■ Data supplied
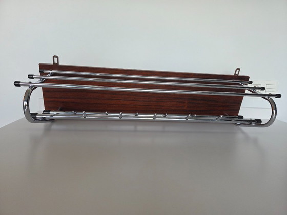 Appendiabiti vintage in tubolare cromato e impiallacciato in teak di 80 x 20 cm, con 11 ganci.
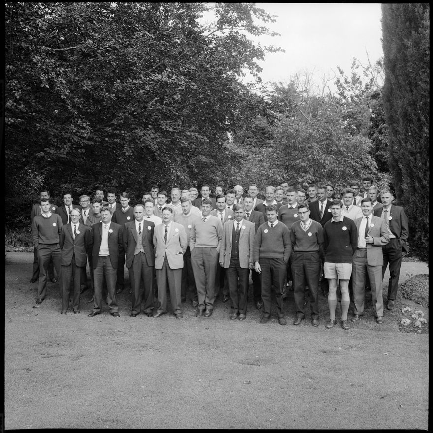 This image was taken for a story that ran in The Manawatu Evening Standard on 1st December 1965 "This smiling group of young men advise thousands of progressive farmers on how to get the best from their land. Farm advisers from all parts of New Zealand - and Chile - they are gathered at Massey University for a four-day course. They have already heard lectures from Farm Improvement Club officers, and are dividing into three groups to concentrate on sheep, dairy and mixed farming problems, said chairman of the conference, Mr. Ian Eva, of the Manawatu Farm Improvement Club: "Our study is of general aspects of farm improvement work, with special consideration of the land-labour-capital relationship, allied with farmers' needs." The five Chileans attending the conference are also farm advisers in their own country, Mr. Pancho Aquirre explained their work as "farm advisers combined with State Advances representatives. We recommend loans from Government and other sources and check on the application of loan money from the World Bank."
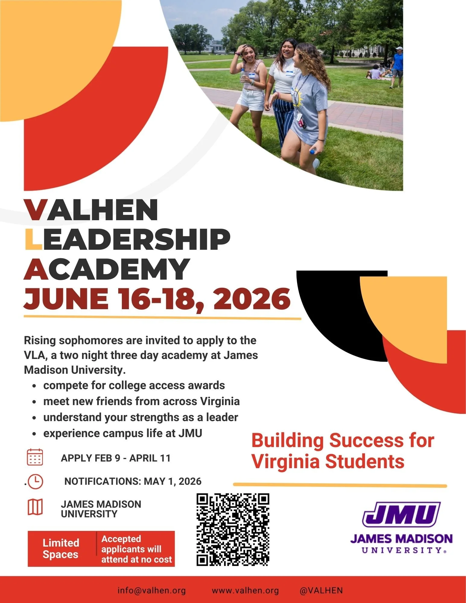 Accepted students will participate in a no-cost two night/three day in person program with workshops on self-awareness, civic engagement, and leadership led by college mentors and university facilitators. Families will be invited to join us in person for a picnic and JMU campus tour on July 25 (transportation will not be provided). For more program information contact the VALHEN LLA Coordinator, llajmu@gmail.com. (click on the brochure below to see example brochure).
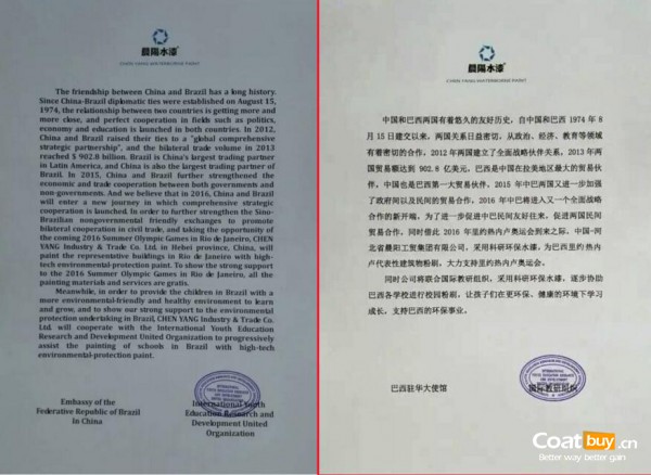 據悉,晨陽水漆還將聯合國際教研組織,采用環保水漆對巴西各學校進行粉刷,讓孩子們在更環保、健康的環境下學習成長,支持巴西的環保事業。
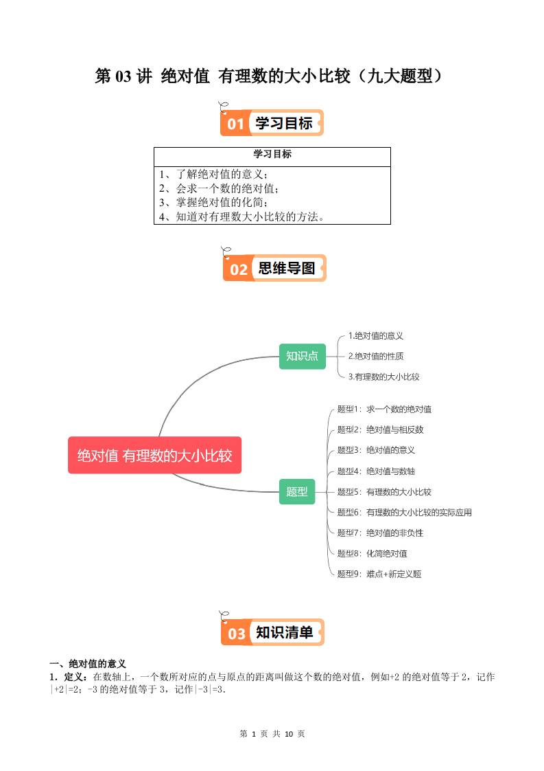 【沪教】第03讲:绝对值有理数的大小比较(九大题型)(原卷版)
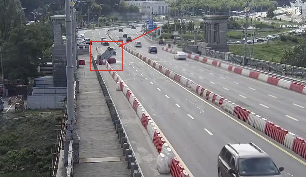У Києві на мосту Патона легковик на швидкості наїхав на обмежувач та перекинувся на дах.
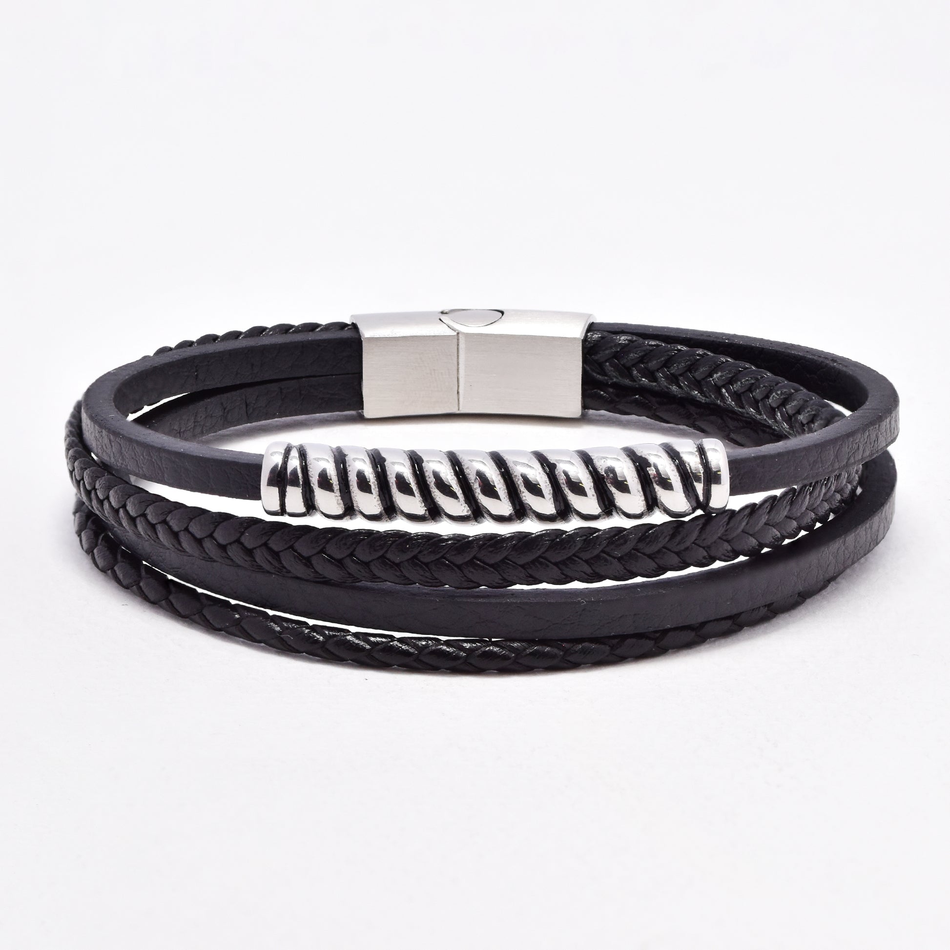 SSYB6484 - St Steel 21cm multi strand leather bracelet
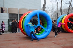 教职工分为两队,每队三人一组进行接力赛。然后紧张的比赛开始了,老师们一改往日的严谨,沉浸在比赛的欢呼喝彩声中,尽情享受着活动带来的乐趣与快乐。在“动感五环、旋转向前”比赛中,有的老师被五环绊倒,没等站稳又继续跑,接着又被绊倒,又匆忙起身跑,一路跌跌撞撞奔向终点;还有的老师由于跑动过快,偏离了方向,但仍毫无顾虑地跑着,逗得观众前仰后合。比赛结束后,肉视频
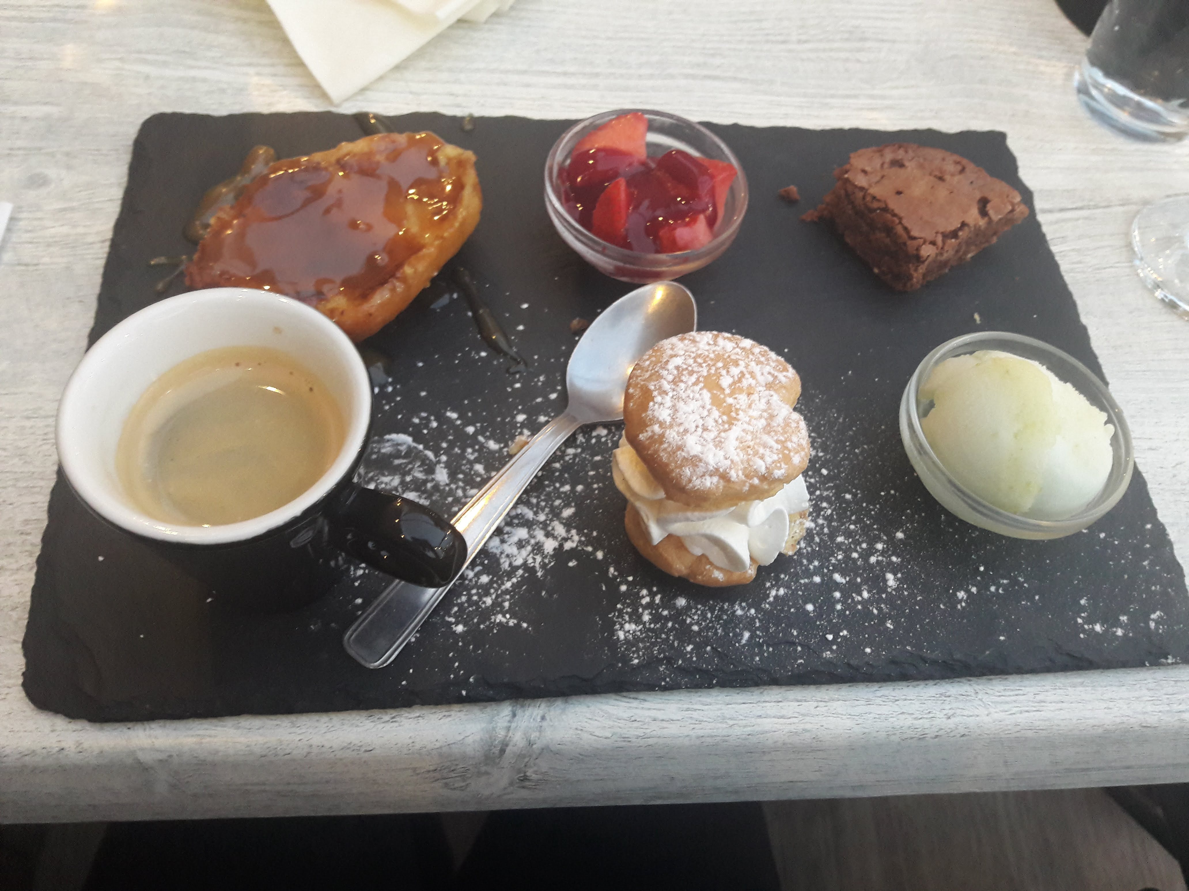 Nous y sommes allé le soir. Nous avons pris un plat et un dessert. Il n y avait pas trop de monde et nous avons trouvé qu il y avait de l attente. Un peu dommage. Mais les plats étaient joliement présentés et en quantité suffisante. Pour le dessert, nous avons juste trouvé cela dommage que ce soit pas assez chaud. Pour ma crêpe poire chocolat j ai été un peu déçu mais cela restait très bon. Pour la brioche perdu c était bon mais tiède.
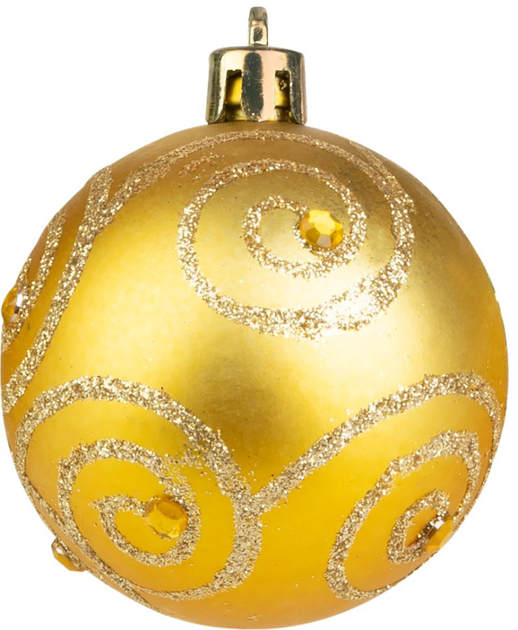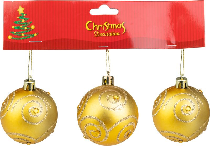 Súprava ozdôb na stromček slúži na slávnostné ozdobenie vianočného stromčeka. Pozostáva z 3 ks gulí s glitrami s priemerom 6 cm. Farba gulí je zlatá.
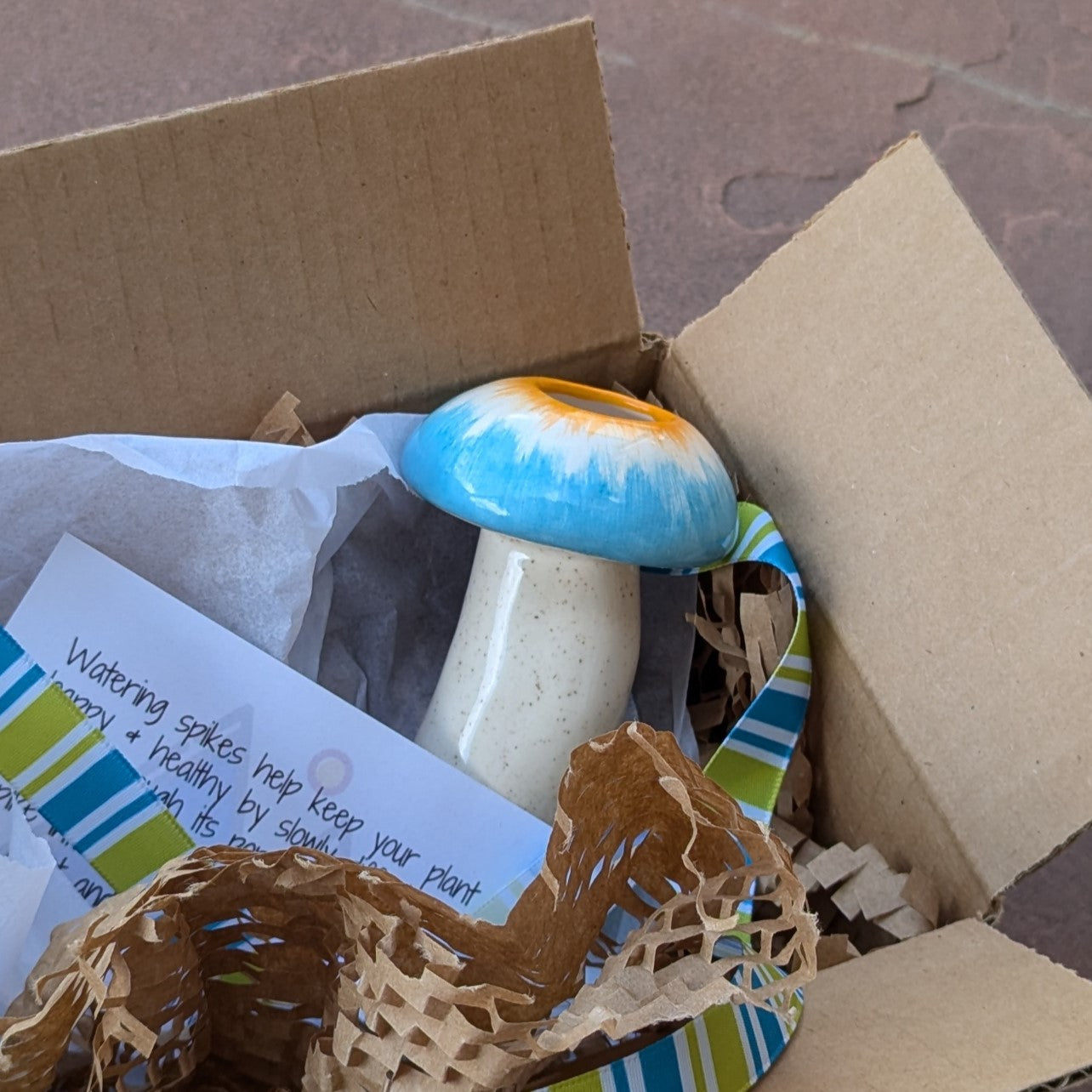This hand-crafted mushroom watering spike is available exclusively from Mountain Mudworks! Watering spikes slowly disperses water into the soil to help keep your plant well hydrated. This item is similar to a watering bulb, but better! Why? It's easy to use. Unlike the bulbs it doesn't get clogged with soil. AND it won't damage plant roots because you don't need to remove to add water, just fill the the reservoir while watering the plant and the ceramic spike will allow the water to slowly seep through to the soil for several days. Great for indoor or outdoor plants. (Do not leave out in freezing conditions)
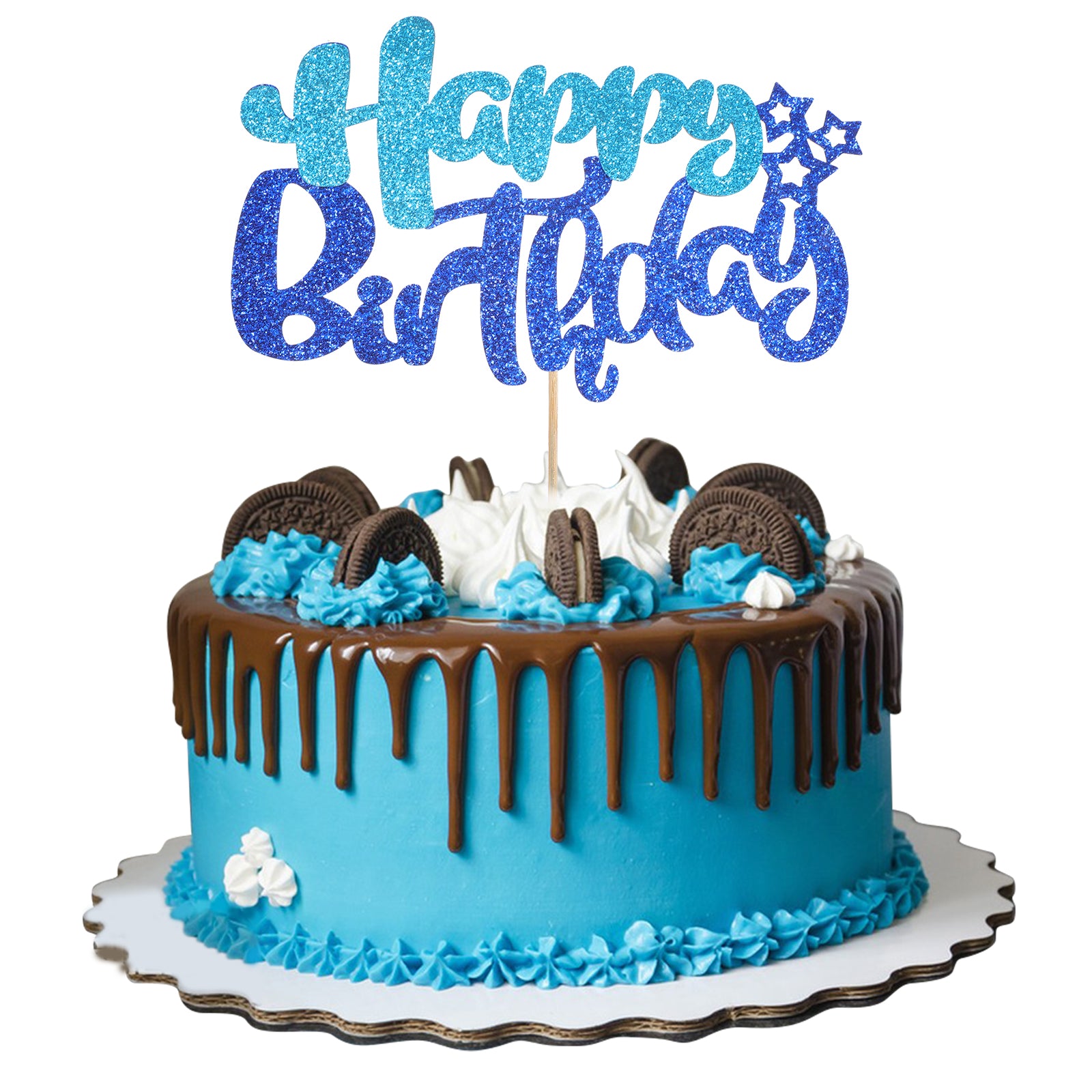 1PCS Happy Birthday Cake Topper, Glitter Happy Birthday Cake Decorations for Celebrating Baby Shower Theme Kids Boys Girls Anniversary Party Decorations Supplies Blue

■ What you will do
Both ends included, copy the lines from the one holding "Nous y sommes" to the last line of the entries exactly, with all pictures left out.

■ Answer below
 Nous y sommes allé le soir. Nous avons pris un plat et un dessert. Il n y avait pas trop de monde et nous avons trouvé qu il y avait de l attente. Un peu dommage. Mais les plats étaient joliement présentés et en quantité suffisante. Pour le dessert, nous avons juste trouvé cela dommage que ce soit pas assez chaud. Pour ma crêpe poire chocolat j ai été un peu déçu mais cela restait très bon. Pour la brioche perdu c était bon mais tiède.
 Súprava ozdôb na stromček slúži na slávnostné ozdobenie vianočného stromčeka. Pozostáva z 3 ks gulí s glitrami s priemerom 6 cm. Farba gulí je zlatá.
This hand-crafted mushroom watering spike is available exclusively from Mountain Mudworks! Watering spikes slowly disperses water into the soil to help keep your plant well hydrated. This item is similar to a watering bulb, but better! Why? It's easy to use. Unlike the bulbs it doesn't get clogged with soil. AND it won't damage plant roots because you don't need to remove to add water, just fill the the reservoir while watering the plant and the ceramic spike will allow the water to slowly seep through to the soil for several days. Great for indoor or outdoor plants. (Do not leave out in freezing conditions)
 1PCS Happy Birthday Cake Topper, Glitter Happy Birthday Cake Decorations for Celebrating Baby Shower Theme Kids Boys Girls Anniversary Party Decorations Supplies Blue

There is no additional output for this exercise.